Environmentally, Hernandez says cover crops offer benefits, including improved soil quality by protecting soil from erosion and increased soil microbial activity and nutrient cycling, all while managing nitrogen and adding carbon to the soil.
Some of the main concerns for producers adding cover crops into their production scheme include: When will I plant? When and how to harvest? Which cover crops provide the best forage?
When and what to plant
Cover crops are often described in four broad categories: cool season grasses (barley and oats), cool season broadleaves (field peas and turnips), warm season grasses (millet and sorghum) and warm season broadleaves (cowpea and sunflower).
Cover crops create new opportunities to enhance rotation diversity. Hernandez explains a significant consideration in favor of cover crops is that they offer a break in the insect growth cycle, which can in turn aid with following crop yields by reducing pest influence and insecticide usage.
“The decision of what to plant is highly variable, depending upon many factors including: remaining growing season, the soil-types in the producer’s field, how adaptable the cover crop is to growth practices used by the producer including equipment available and herbicides used, and what can be obtained from the local seed provider,” Hernandez says.

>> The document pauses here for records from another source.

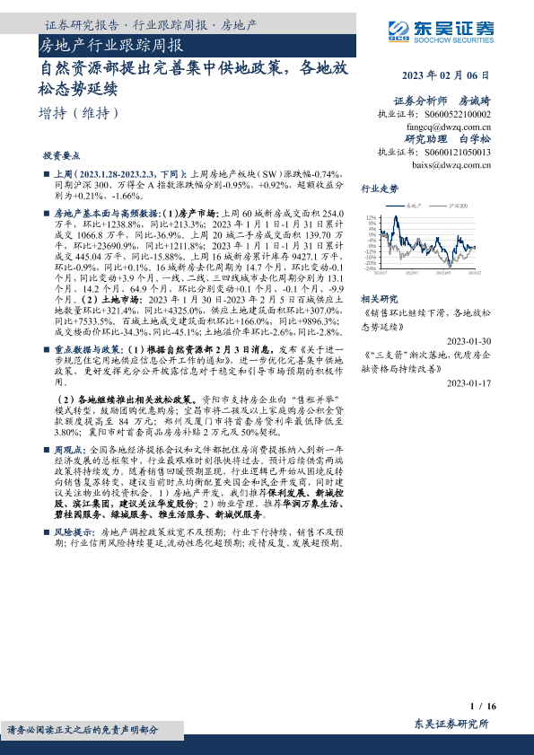 【东吴证券】【20230206】房地产行业跟踪周报:自然资源部提出完善集中供地政策,各地放松态势延续-16页
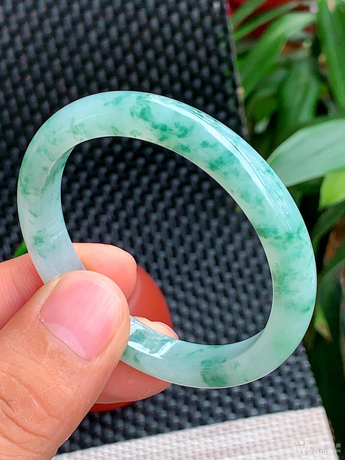 缅甸天然翡翠A货冰透水润飘花宽边手镯51.5圈口
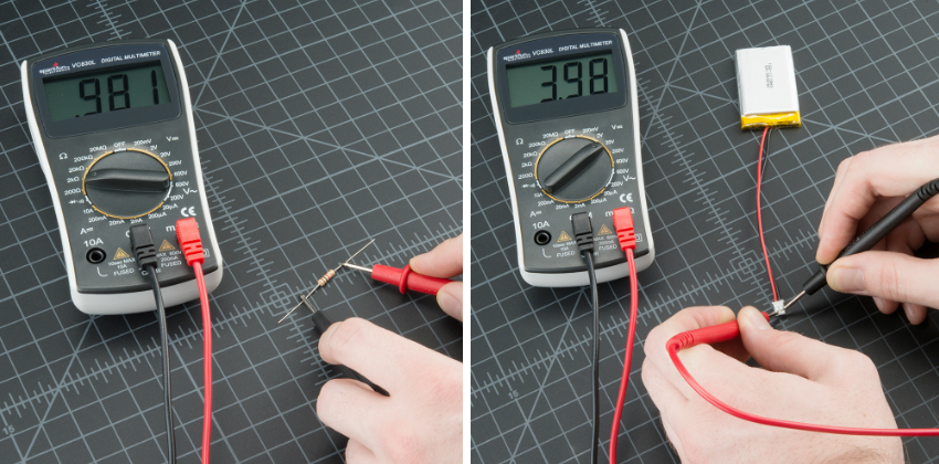 The most common way to test a multimeter with a resistor is to measure the resistance, which should be close to nominal. For this, the tester switch is set to the appropriate position. The red probe is connected to the VΩmA connector, and the black one is connected to COM.
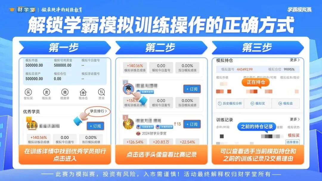 当然,如果想学习更多同学的操作思路,还可以进入他们的比赛详情,查看高手的持仓与逻辑,从中揣摩他们的思路、节奏与策略。这样一来,你不只是旁观者,而是真正走进高手的世界,在比拼中逐渐形成属于自己的交易认知!
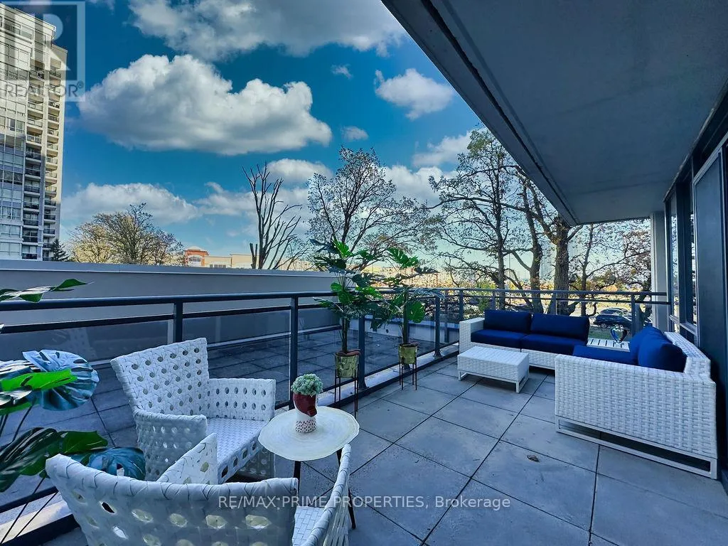 Cross Streets: Bathurst and Centre. ** Directions: NW corner of Bathurst and Centre. This rare corner condo delivers the ultimate urban dream: a huge private 180 sq ft terrace plus a second 95 sq ft large balcony that feels like your own backyard escape. Relax in the sunshine or host unforgettable evenings under the stars. Inside, a stylish brand new kitchen, split bedroom layout, and two full bathrooms offer smart modern living. Sunlight pours into every room through oversized windows. Step outside and you are moments from everything: major retailers, top restaurants, places of worship, high rated schools and rapid transit. Outdoor freedom, indoor comfort, unbeatable location. Original owner, never was rented. This is the upgrade you have been waiting for. Book your tour today before it's gone. (id:27476)
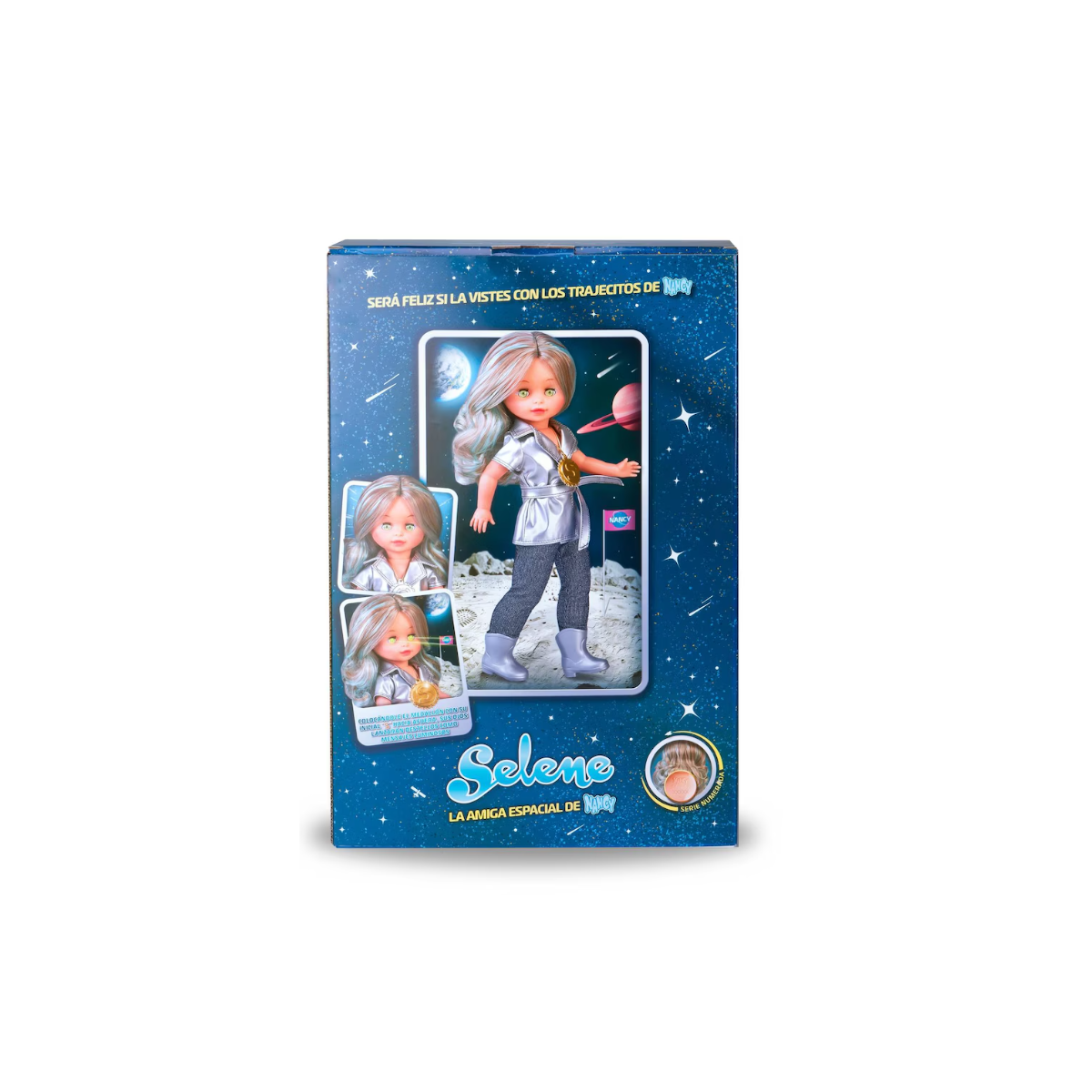 La muñeca está diseñada con un estilo elegante y futurista que combina a la perfección con el fondo temático de su caja, donde aparecen planetas, estrellas y escenas espaciales que envuelven a Selene en un ambiente mágico. Su reedición certificada incluye número de serie, convirtiéndola en una pieza ideal para quienes siguen las colecciones anuales de Nancy. Además de su valor coleccionista, Selene es una opción maravillosa para niñas y niños mayores de 6 años, que pueden disfrutar inventando historias de ciencia ficción, aventuras galácticas o juegos ambientados en otros planetas. Su presencia, su brillo y su estética hacen que sea una muñeca que destaca siempre.
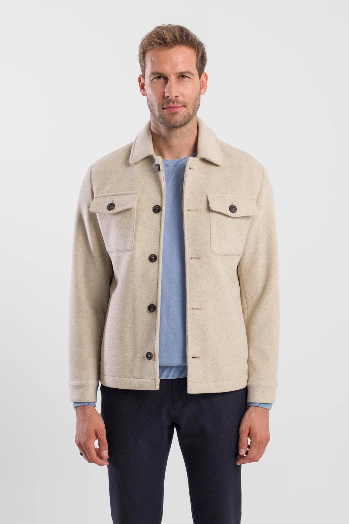 Bej Comfort Fit Bebe Yaka Yünlü Mont
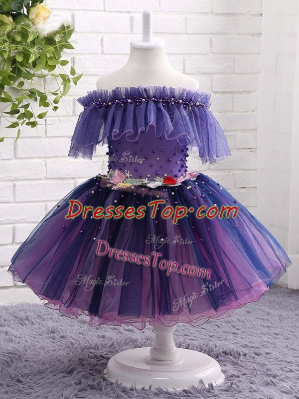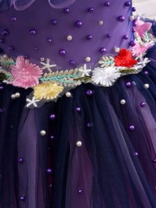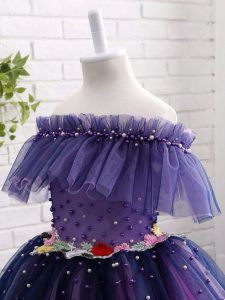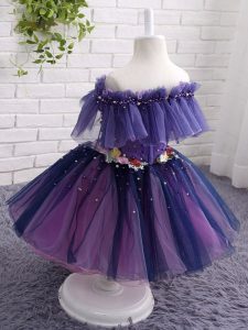 Gorgeous Knee Length Purple Evening Gowns Tulle Short Sleeves Beading and Hand Made Flower
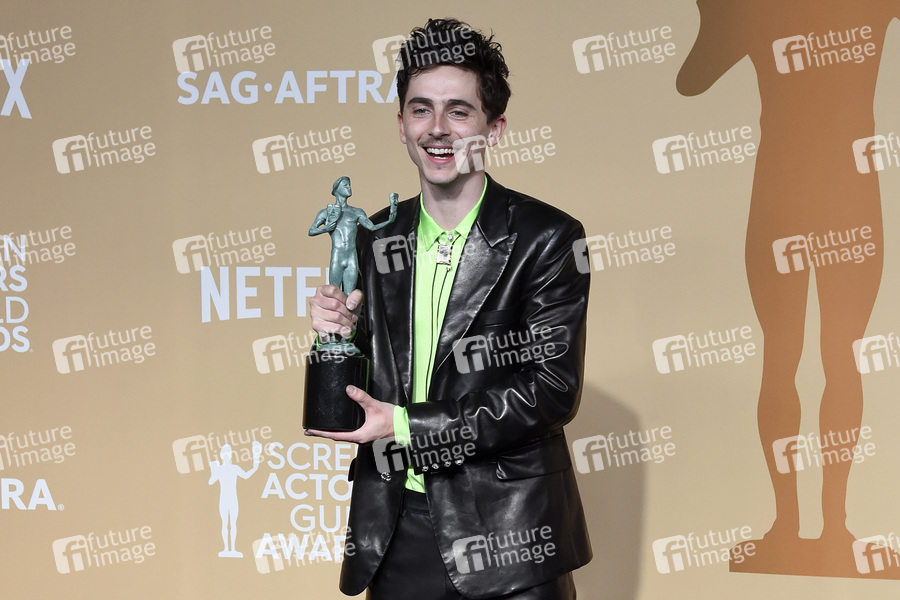 Timothee Chalamet mit dem Preis für den besten Kin-Hauptdarsteller in 'Like a Complete Unknown' beim Preisträger-Photocall der 31. Screen Actors Guild Awards 2025 im Shrine Auditorium and Expo Hall. Los Angeles, 23.02.2025
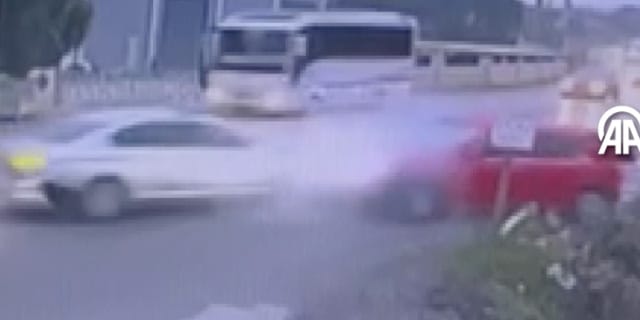 Kazanın gerçekleştiği an, çevredeki bir iş yerinin güvenlik kamerası tarafından kaydedildi. Görüntülerde, 33 AOS 532 plakalı otomobilin bir süre durduktan sonra hareket ettiği ve sola dönüş yapmaya çalıştığı sırada karşı yönden gelen diğer araçla çarpıştığı net bir şekilde görülüyor.
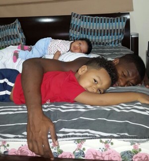 Erazo abraçado ao filho e com o caçula ainda neném nas costas (Foto: Arquivo Pessoal )
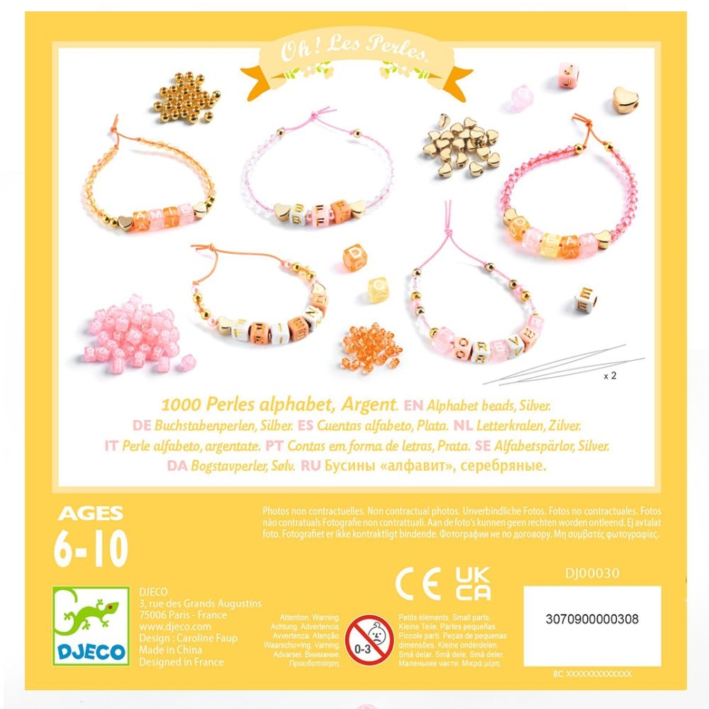 Κατασκευάστε μοναδικά κοσμήματα με λατινικά γράμματα και χάντρες σε χρυσές αποχρώσεις με τις εντυπωσιακές χάντρες της εταιρίας Djeco! Τα παιδιά έχουν την ελευθερία να φτιάξουν κάθε λογής κόσμημα και αξεσουάρ μέσα από μια μεγάλη ποικιλία χαντρών σε διαφορετικά σχέδια, μεγέθη και χρώματα. Δοκιμάστε αμέτρητους συνδυασμούς μέχρι να βρείτε αυτό που σας αρέσει! Μια ευχάριστη και δημιουργική απασχόληση, που εξάπτει τη φαντασία των παιδιών και τους επιτρέπει να εκφράσουν το προσωπικό τους στυλ μέσα από το παιχνίδι ενώ ενισχύει τις λεπτές κινητικές τους δεξιότητες, βοηθά στη συγκέντρωσή τους και αναπτύσσει την αυτοπεποίθησή τους.
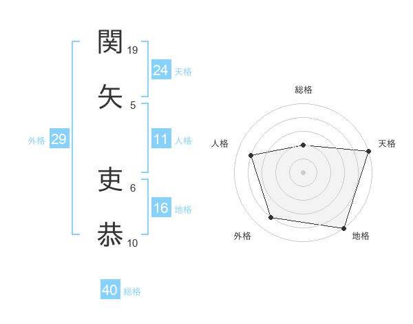 関矢 吏恭さんの天格は24画の5点!
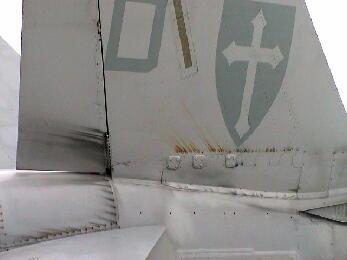 左翼のポットの蓋が開いています。何でしょうか?。 垂直尾翼にサビが浮いています。
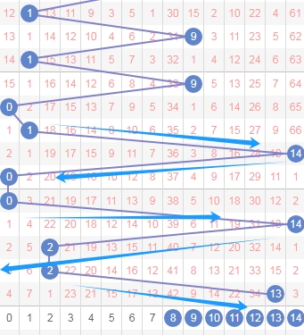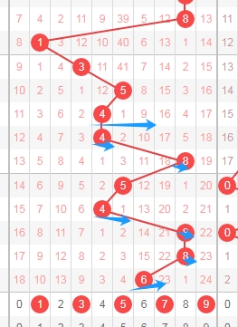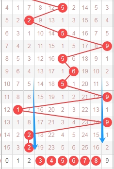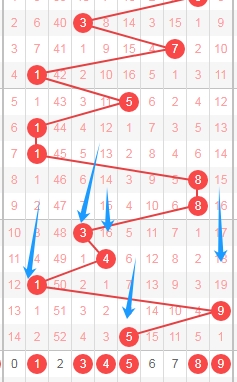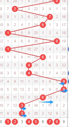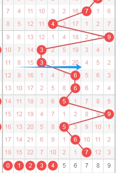 从号码之间的跨度来分析,上图是体彩七星彩开奖号码走势图中从左到右第七位,上期开出数字13,数字形式是1路球数字,质数奇数,看上面走势图中标注出来的蓝色大箭头就知道,最近这位数字开出的跨度大的居多,开出的跨度小的少,那么本期关注这位数字出小跨度,小跨度话数字就是8 9 10 11 12 13 14,个人看好数字9 10 12 14。

“Many cover crops can work for forage supply, but the selection of which cover crop to use will depend on when you want to plant it and what is the purpose,” she says. “Usually, cover crops are planted from July through middle of September after small grain or corn silage is harvested.”
A useful guide to cover crop mixes after small grains can be found at the Natural Resources Conservation Service website: www.nrcs.usda.gov.
Hernandez says one way to incorporate cover crops into a grain or livestock production system is to seed winter rye after corn silage has been completed. Another possibility is incorporation of winter rye into a corn-soybean rotation following the fall harvest.
“Either option can improve soil quality, reduce soil erosion, suppress winter annual weeds and increase overall forage production for hay or silage,” she says.
In a recent study conducted by South Dakota State University, winter rye planted after corn was harvested for grain and to observe rye biomass used as a forage crop.
The trials were conducted at the Beresford and South Shore SDSU Research Farms during the 2012 to '13 winter and spring growing seasons. Rye biomass was determined in the spring before planting soybeans during both years. To learn more about this research, visit iGrow.org.
Other cover crop options producers are using across the region include seeding into a harvested corn field a 2- to 3-pounds-per-acre mix of turnips, crimson clover and annual ryegrass. Seed can be broadcasted or spread with a modified “Hi-boy” spreader. Shade-tolerant crimson clover can be sown with oats when the oats are planted, creating a “layered” field.
After the oats are harvested, the clover continues to grow and is stopped by the fall frost. Oats and field peas may be sown together for silage, diversifying the crop rotation. This can be followed with a complex cover crop blend that includes millet, sorghum, sudangrass, sunflower, buckwheat, brassicas, cowpea, soybeans and others.
Dairy production systems
Several opportunities exist to incorporate cover crops into dairy forage production systems, Hernandez says.
“According to the most recent reports, cows that are normally fed corn silage and are then put into a grazing routine of cover crops near the dairy see no substantial reduction in milk production,” she says.
She adds that cover crop mixes can be harvested and ensiled, but soil health benefits are not as strong as grazed cover crops. Producers should remember that careful planning of planting and grazing or harvest times of cover crops is essential to maximize their utilization as feedstuffs in dairy cattle diets.